Two charming examples about how “I was right” and “they were wrong” involved music and net experts telling me that “there will only be MySpace, and no other sites will ever be relevant for music”, and internet experts mandating that social network walls will never come down so portable identity / users will never happen. I’m not trying to flatter myself with this — neither of those companies had a successful exits, just a series of patent applications and legal headaches on one of them trying to keep the products afloat. I do mean to suggest that this is a very common situation — and Bessemer Venture Partners has a quirky take on this, they maintain an “anti-portfolio” of successful projects they turned down. As a word of caution – while the experts may be wrong about your market opportunity… they may be right about the monetization / business viability. Any time someone shoots down your ideas, you should use their arguments to both try and build a better/stronger product, and also to disprove the viability — because they could be right and may have just saved you from a lot of headaches, grief and capital losses.

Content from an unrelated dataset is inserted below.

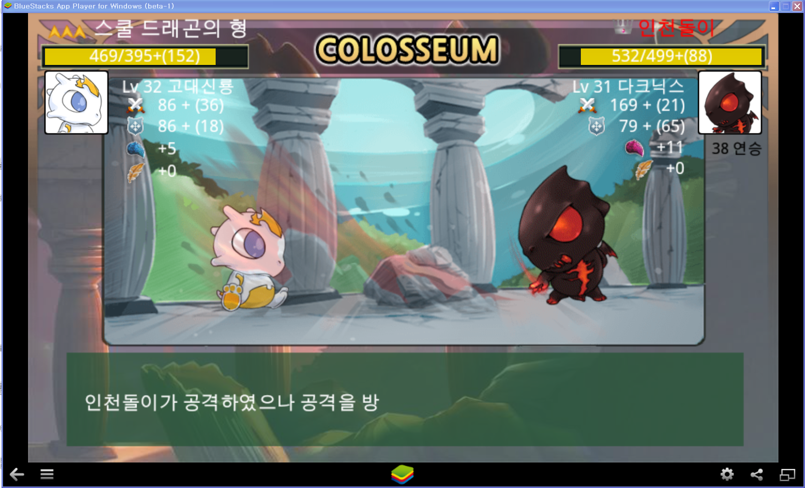 나중에 체력 100 차이로 졌어요

# 1 Listen to your users — but be smart about how you proceed.
These days everyone says “Listen to your users” — and you should, its a good mantra. However, please remember that you need to analyze what your users say , not just take it at face value. One of my companies makes a lot of product decisions based on user feedback, and we do extensive “User Acceptance Testing” and Focus Groups whenever we want to test out an idea, or launch something new. We always profile / qualify the users who give us feedback to determine what kind of user they are ( ie: super user, industry insider, mass market, etc ) , and make note of both what they say and what they do. It never ceases to amaze me how many people think that they’re a super-user — when they’re barely a casual/incidental user; or how many users say that they really love a particular feature, that it is the most important, and they want more things like it — while their usage patterns and other interview questions show a strong preference and reliance on another feature. Listening to your users isn’t just keeping track of what they say — it encompasses understanding what they mean, discovering what they forgot to say, and working with them to enrich their experience.

# Note

I didn’t learn these all at once, and I didn’t make all the mistakes myself. I did make some myself; others were imposed on my by management or partners. In every situation my life was complicated by these issues – and I can only hope others don’t repeat these mistakes.